SEMARAPURA – Penerapan Peraturan Gubernur Bali Nomor 79 Tahun 2018 tentang hari Penggunaan Busana Adat Bali memberi berkah bagi pengusaha tenun di Kabupaten Klungkung.
Pasalnya, pesanan kain tenun mengalami peningkatan sejak Pergub tersebut diterapkan. Pasar potensial produk kerajinan ini pun semakin luas.
Pemilik Pertenunan Astiti, I Nyoman Sudira mengungkapkan, sebelum Pergup tersebut ada, penjualan produk kain tenun produksinya cukup lesu.
Apalagi dengan banyaknya produk tiruan dari luar Bali dengan harga murah. Mau tidak mau dia harus bersaing di tengah lesunya pesanan.
“Kain tenun tiruan dari luar Bali itu bisa lebih murah karena upah pekerjanya lebih murah. Begitu juga dengan bahan baku,” katanya.
Hampir satu tahun Peraturan Gubernur Bali Nomor 79 Tahun 2018 tentang hari Penggunaan Busana Adat Bali diterapkan, dia mengaku pesanan kain tenun produksinya mengalami peningkatan.
Tidak hanya dari instansi pemerintahan dan perkantoran, menurutnya, pesanan datang juga dari kalangan anak muda. “Pemasaran kain tenun kini lebih luas,” ujarnya.
Menurutnya, hingga saat ini produk kain tenunannya merupakan produk yang dibuat dengan alat tenun bukan mesin (ATBM).
Sehingga dibutuhkan keterampilan dan kesabaran dalam membuat produk kain tenun menggunakan alat tersebut.
Hanya saja di tengah meningkatnya permintaan, dia mengaku kesulitan mendapat tenaga kerja. Bahkan, puluhan orang yang bekerja dengannya sebagian besar berusia lanjut.
Akibatnya, dia kerap kewalahan menyelesaikan pesanan. “Apalagi kalau ada pesanan dari luar Bali, saya semakin kewalahan.
Untungnya para konsumen memaklumi kondisi ini.

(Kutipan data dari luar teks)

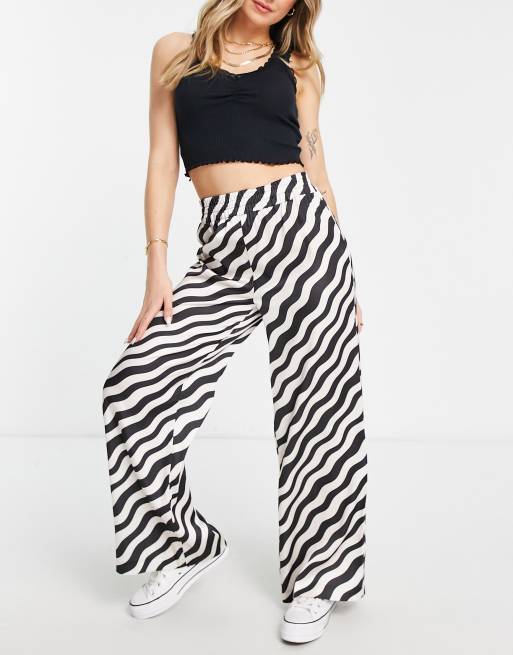 Womens black trousers clearance with white stripe, New Look satin wide leg trousers in black and whites stripe clearance
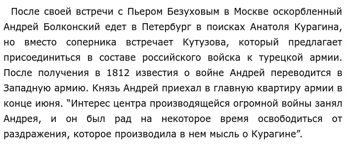 Николай Ростов участвовал в войне 1812 года. Перед открытием кампании он получил письмо от родных, в котором его просили приехать домой, но Ростов, считавший долгом чести защищать свою страну, объяснился, что не может этого сделать. Его устраивала его жизнь в полку, он сумел сделать ее приятной, а потому необходимость остаться на службе, в полку не была для него неприятным известием, он скорее был рад такому стечению обстоятельств и пребывал в таком настроении в начале военной кампании. Ростов участвовал в бою под Островно, где он, первым двинувшись в атаку, повел за собой эскадрон и разбил французских драгунов, тем самым спасши русских улан. И хотя за этот храбрый поступок Николай Ростов получил Георгиевский крест, он ощущал, что совершил что-то нехорошее, за что бывает стыдно и мучает совесть. Он и на следующий день думал о французе с дырочкой на подбородке, которого он ударил шпагой, – и не понимал, за что ему дали награду, разве он это делал для Отечества, ради своего государя? И в чем виноват пленный гусар? Ростов отрицает героичность своего поступка, он не понимает, по какой причине ему было необходимо убить его: “За что же мне убивать его?”. Он видит страх, овладевший этим французом, видит в нем себя, получившего ранение, во время Шенграбенского сражения, и, как мне кажется, осознает ту боль и страдания, которые приносит война.

Anak muda serang jarang yang mau menjadi penenun,” ungkapnya.
Tidak hanya krisis tenaga kerja tenun, dia juga kerap dihadapkan dengan langkanya bahan baku benang.
Saat benang langka, harganya pun akan lebih mahal sehingga pemerintah terkadang turun tangan untuk menangani permasalahan ini.
“Untuk benang, kami menggunakan benang impor dari India karena produknya asli katun,” tandasnya.